Between 1999 and 2001 Sebastian Knauer directed and performed in Hamburg a concert cycle specially conceived for him featuring all of W.A: Mozart's 27 piano concertos together with the Philharmonisches Staatsorchester Hamburg.
In 2009 he performed and directed from the keyboard all of Joseph Haydn's piano concertos together with the Bamberg Symphony Orchestra.
Time and again, the press has given very favourable feedback about his sensitive touch at the keyboard and the sound of his playing.

"Sparkling lightness of touch" (Rondo Magazin)

"Magically" (Gramophone Magazine)

"A touch of rare refinement" (Diapason)

"In a class of his own" (Arte TV)

"An amazing range of colours in his pianistic palette" (Frankfurter Allgemeine)

Sebastian Knauer frequently gives master classes while on tour in Germany, France, Italy, Japan and China.

== Career so far ==
Concert tours have taken him throughout all of Europe, the US, South America and Asia.
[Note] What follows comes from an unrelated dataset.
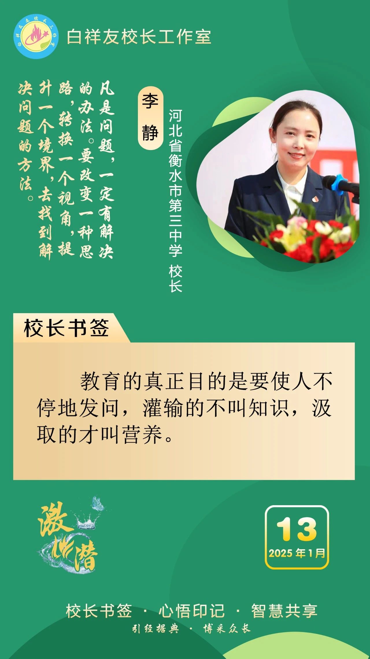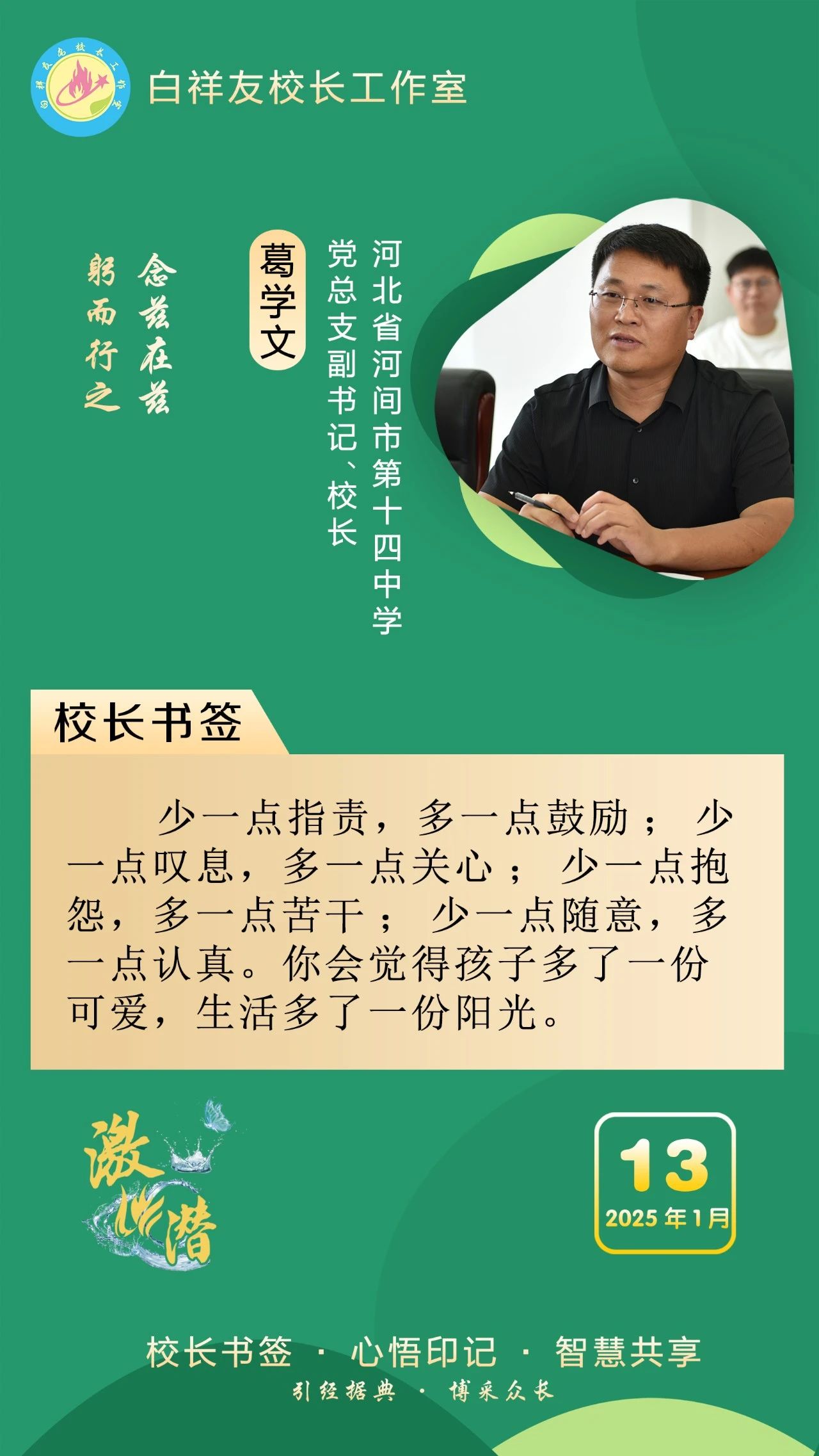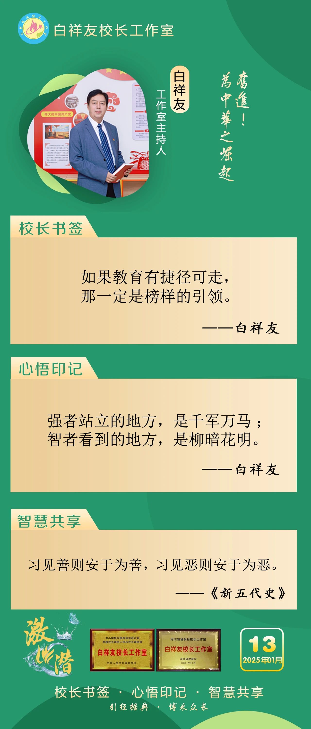 “白祥友校长工作室”成立于2019年4月,是教育部“国培计划”中小学名校长领航工程、河北省首批名校长工作室,目前省内外成员校48个。工作室坚持“资源共享、智慧共融、互助共赢”理念,已成为思想碰撞的交流场,资源共享的品牌站,成果展示的辐射源。

He has given recitals in over 50 countries on 5 continents, performing at famous venues, even in the early years of his career:
1991 Laeiszhalle Hamburg, Philharmonic State Orchestra Hamburg, conductor Gerd Albrecht, Robert Schumann's Piano Concerto op. 54
1994 Gewandhaus Leipzig, MDR Symphony Orchestra, conductor Philippe Entremont, W.A. Mozart's Piano Concerto K537
1995 Musikverein Vienna, NDR Symphony Orchestra, conductor Vladimir Fedoseyev, Igor Stravinsky Petrushka
1996 Gewandhaus Leipzig, MDR Symphony Orchestra, conductor Neeme Järvi, W.A. Mozart Piano Concerto K459
1997 Concertgebouw Amsterdam, Netherlands Chamber Orchestra, conductor Philippe Entremont, George Gershwin "Rhapsody in Blue"
1998 Lincoln Center Festival New York, Leonard Bernstein "Anniversaries" for piano in the ballet revue "Bernstein Dances" by John Neumeier
2001 Beethovenfest Bonn, Philharmonic State Orchestra Hamburg, conductor Ingo Metzmacher, Charles Ives' Fourth Symphony
2002 Salzburg Festival, Grosser Saal Mozarteum, Recital with Daniel Hope
2007 Concertgebouw Amsterdam, Netherlands Philharmonic Orchestra, conductor Jaap van Zweden, Mozart Double Concerto K315
2008 Philharmonie Köln, Staatskapelle Dresden, conductor Fabio Luisi, L.v. Beethoven Piano Concerto No. 1 op. 15
2017 The CD recording of ÜberBach, composed for him by Arash Safaian, won him the ECHO Klassik award; the CD was in the German classical charts (at no. 11) for several weeks and in the iTunes charts (no. 57)

== Commitment to Classical Music ==
Sebastian Knauer has proved to have a visionary flair when it comes to opening up to new genres; he also develops projects of his own in which he casts a new light on classical music.
For instance, in 2000 he launched a series called "Wort trifft Klassik" (the spoken word meets classical music) with the German actress Hannelore Elsner (1942–2019), including a programme he devised, entitled "George Sand and Frédéric Chopin - A Winter on Mallorca, the truth!". Since then he has pursued over 50 further projects of this kind with actors such as Martina Gedeck, Hannelore Hoger, Iris Berben, Katja Riemann, Klaus Maria Brandauer and Ulrich Tukur.
In 2018 he undertook a concert tour to mark the 100th birthday of Leonard Bernstein, together with the maestro's daughter Jamie Bernstein, which took them to Germany, the US and Canada, in a programme that featured spoken-word and musical tributes to the composer and conductor.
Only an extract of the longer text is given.